Copy every line of the data below exactly as given, except for the pictures.

EXERCISE DATA:
═══

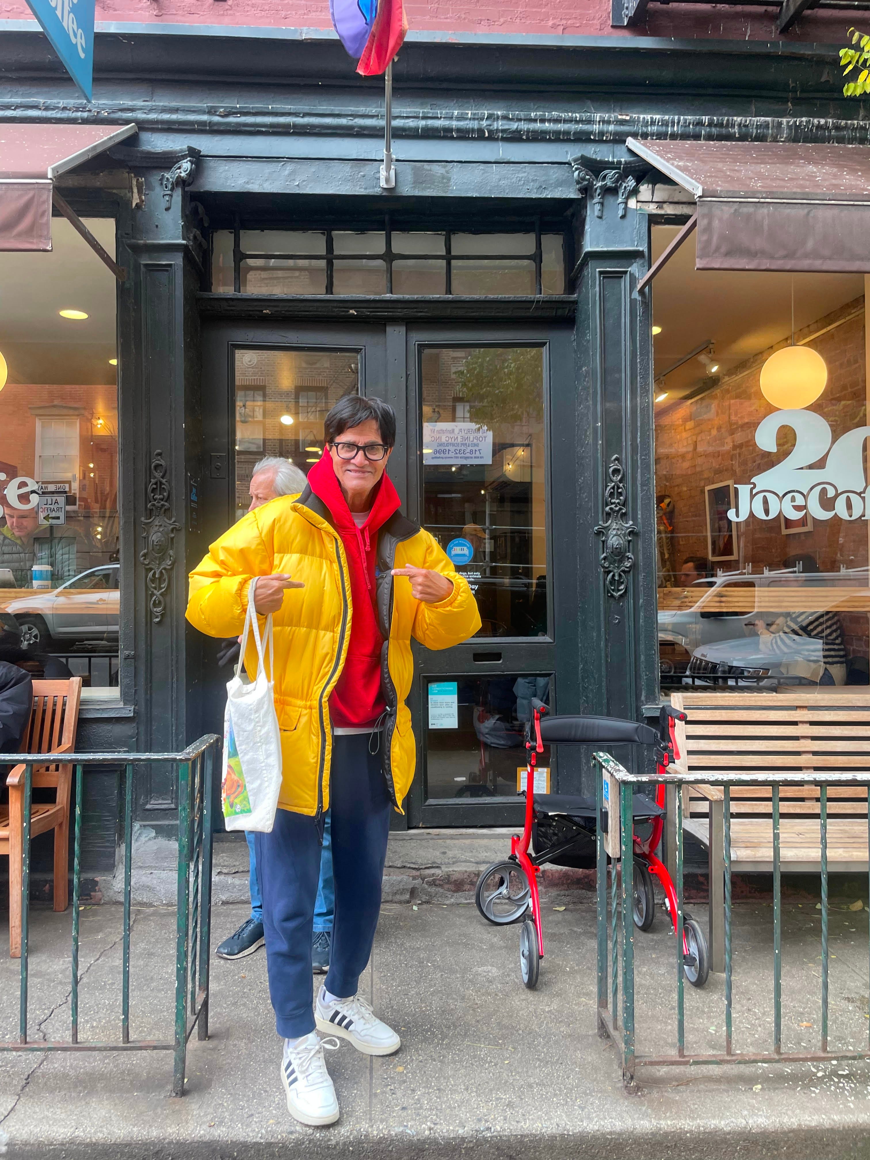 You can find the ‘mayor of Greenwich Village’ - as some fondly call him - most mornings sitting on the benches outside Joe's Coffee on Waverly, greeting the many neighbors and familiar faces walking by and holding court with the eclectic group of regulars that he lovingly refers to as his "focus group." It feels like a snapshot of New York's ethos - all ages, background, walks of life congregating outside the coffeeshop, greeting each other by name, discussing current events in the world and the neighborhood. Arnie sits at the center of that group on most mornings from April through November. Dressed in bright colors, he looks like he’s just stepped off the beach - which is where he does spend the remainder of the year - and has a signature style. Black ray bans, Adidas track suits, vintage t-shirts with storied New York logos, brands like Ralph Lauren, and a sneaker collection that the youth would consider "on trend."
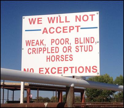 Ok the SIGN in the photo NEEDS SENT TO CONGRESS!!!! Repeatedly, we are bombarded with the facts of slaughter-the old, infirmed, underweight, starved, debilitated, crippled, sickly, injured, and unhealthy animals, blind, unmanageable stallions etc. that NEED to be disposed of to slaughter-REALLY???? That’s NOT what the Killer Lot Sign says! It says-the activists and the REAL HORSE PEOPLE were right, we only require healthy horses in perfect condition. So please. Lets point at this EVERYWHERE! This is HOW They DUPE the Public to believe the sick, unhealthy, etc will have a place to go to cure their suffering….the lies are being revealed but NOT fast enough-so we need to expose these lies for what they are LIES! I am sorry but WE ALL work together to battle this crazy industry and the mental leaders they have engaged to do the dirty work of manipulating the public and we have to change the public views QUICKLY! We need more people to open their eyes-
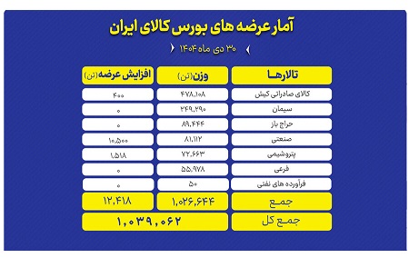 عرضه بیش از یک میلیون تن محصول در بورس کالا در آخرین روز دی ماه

═══

SOLUTION FOR THIS PROBLEM:
 You can find the ‘mayor of Greenwich Village’ - as some fondly call him - most mornings sitting on the benches outside Joe's Coffee on Waverly, greeting the many neighbors and familiar faces walking by and holding court with the eclectic group of regulars that he lovingly refers to as his "focus group." It feels like a snapshot of New York's ethos - all ages, background, walks of life congregating outside the coffeeshop, greeting each other by name, discussing current events in the world and the neighborhood. Arnie sits at the center of that group on most mornings from April through November. Dressed in bright colors, he looks like he’s just stepped off the beach - which is where he does spend the remainder of the year - and has a signature style. Black ray bans, Adidas track suits, vintage t-shirts with storied New York logos, brands like Ralph Lauren, and a sneaker collection that the youth would consider "on trend."
 Ok the SIGN in the photo NEEDS SENT TO CONGRESS!!!! Repeatedly, we are bombarded with the facts of slaughter-the old, infirmed, underweight, starved, debilitated, crippled, sickly, injured, and unhealthy animals, blind, unmanageable stallions etc. that NEED to be disposed of to slaughter-REALLY???? That’s NOT what the Killer Lot Sign says! It says-the activists and the REAL HORSE PEOPLE were right, we only require healthy horses in perfect condition. So please. Lets point at this EVERYWHERE! This is HOW They DUPE the Public to believe the sick, unhealthy, etc will have a place to go to cure their suffering….the lies are being revealed but NOT fast enough-so we need to expose these lies for what they are LIES! I am sorry but WE ALL work together to battle this crazy industry and the mental leaders they have engaged to do the dirty work of manipulating the public and we have to change the public views QUICKLY! We need more people to open their eyes-
 عرضه بیش از یک میلیون تن محصول در بورس کالا در آخرین روز دی ماه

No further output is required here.